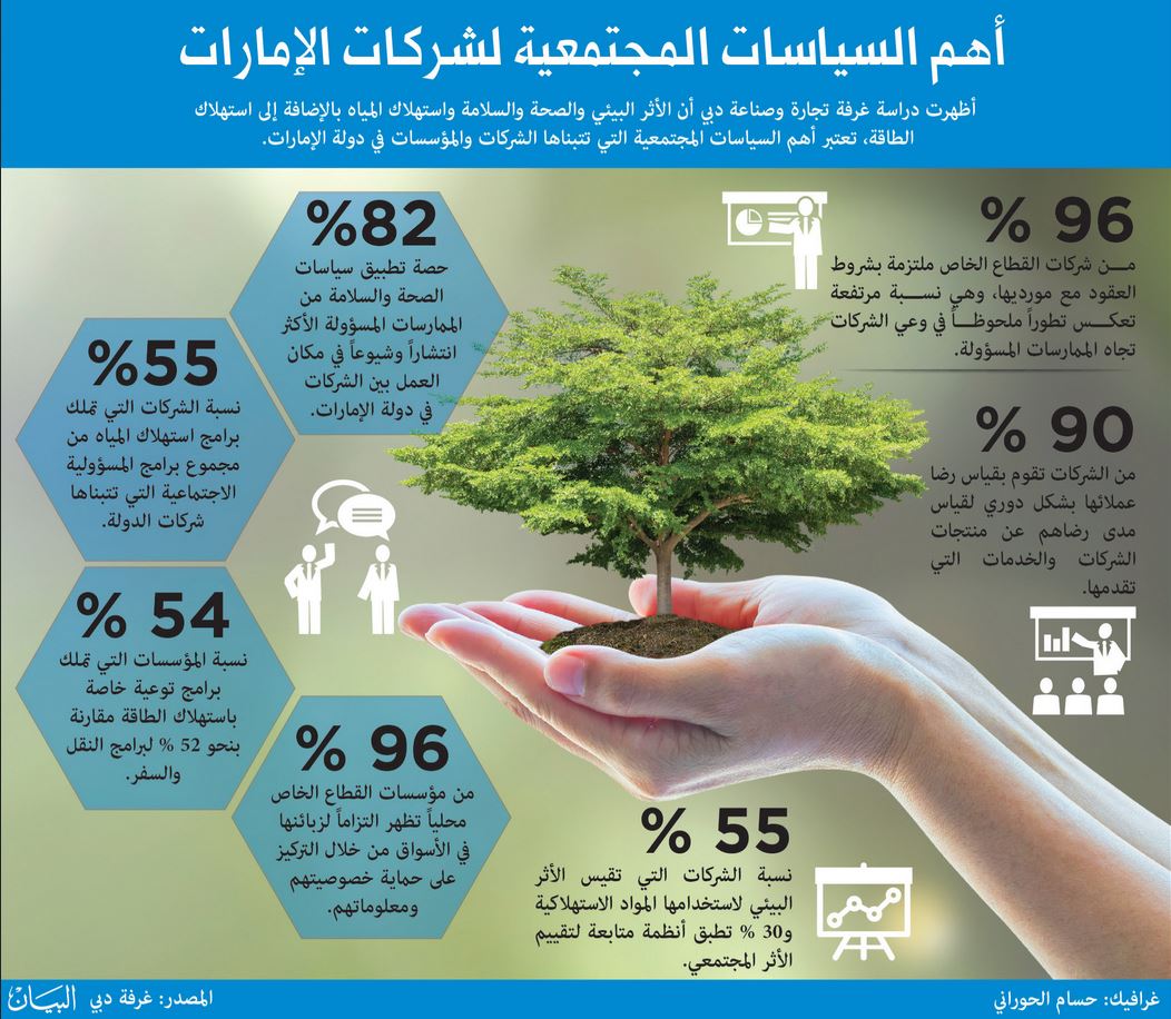 وأكد المهندس حمد بوعميم مدير عام غرفة تجارة وصناعة دبي أن 30% من الشركات والمؤسسات محلياً تمتلك ضمن خططها استراتيجية للمسؤولية الاجتماعية تقوم بتطبيقها، في حين أن 52% تدرك أهمية المسؤولية الاجتماعية في نشاطاتها وعملياتها وذلك بحسب تقارير مركز أخلاقيات الأعمال التابع للغرفة والتي أظهرت نمواً تدريجياً في وعي الشركات بالمسؤولية الاجتماعية.
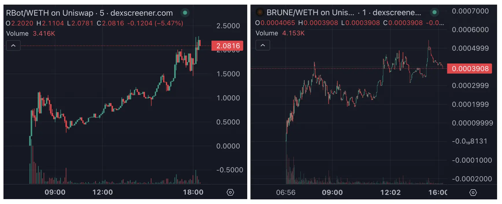 也许是 Runes 正式上线的 deadline 逼近, RBot 的回春比前述代币来的快许多,上午 10 时, RBot 等到了「价值发现」开始逐步增长,并在下午 6 时左右窜到了 2 美元的高位,8 小时涨幅 482%。
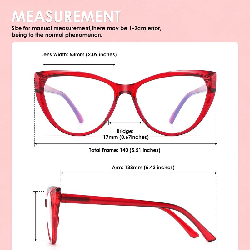 - ⭐【Fashion Cateye Design】The chic cat eye frames can match with all kinds of facial forms. The multiple colors can match with different outfits in a daily fashion.

● ● ● ●

_What you will do_:
Retype each line of the listing above word for word. Exclude the pictures.

_Reply_:
 وأكد المهندس حمد بوعميم مدير عام غرفة تجارة وصناعة دبي أن 30% من الشركات والمؤسسات محلياً تمتلك ضمن خططها استراتيجية للمسؤولية الاجتماعية تقوم بتطبيقها، في حين أن 52% تدرك أهمية المسؤولية الاجتماعية في نشاطاتها وعملياتها وذلك بحسب تقارير مركز أخلاقيات الأعمال التابع للغرفة والتي أظهرت نمواً تدريجياً في وعي الشركات بالمسؤولية الاجتماعية.
 也许是 Runes 正式上线的 deadline 逼近, RBot 的回春比前述代币来的快许多,上午 10 时, RBot 等到了「价值发现」开始逐步增长,并在下午 6 时左右窜到了 2 美元的高位,8 小时涨幅 482%。
 - ⭐【Fashion Cateye Design】The chic cat eye frames can match with all kinds of facial forms. The multiple colors can match with different outfits in a daily fashion.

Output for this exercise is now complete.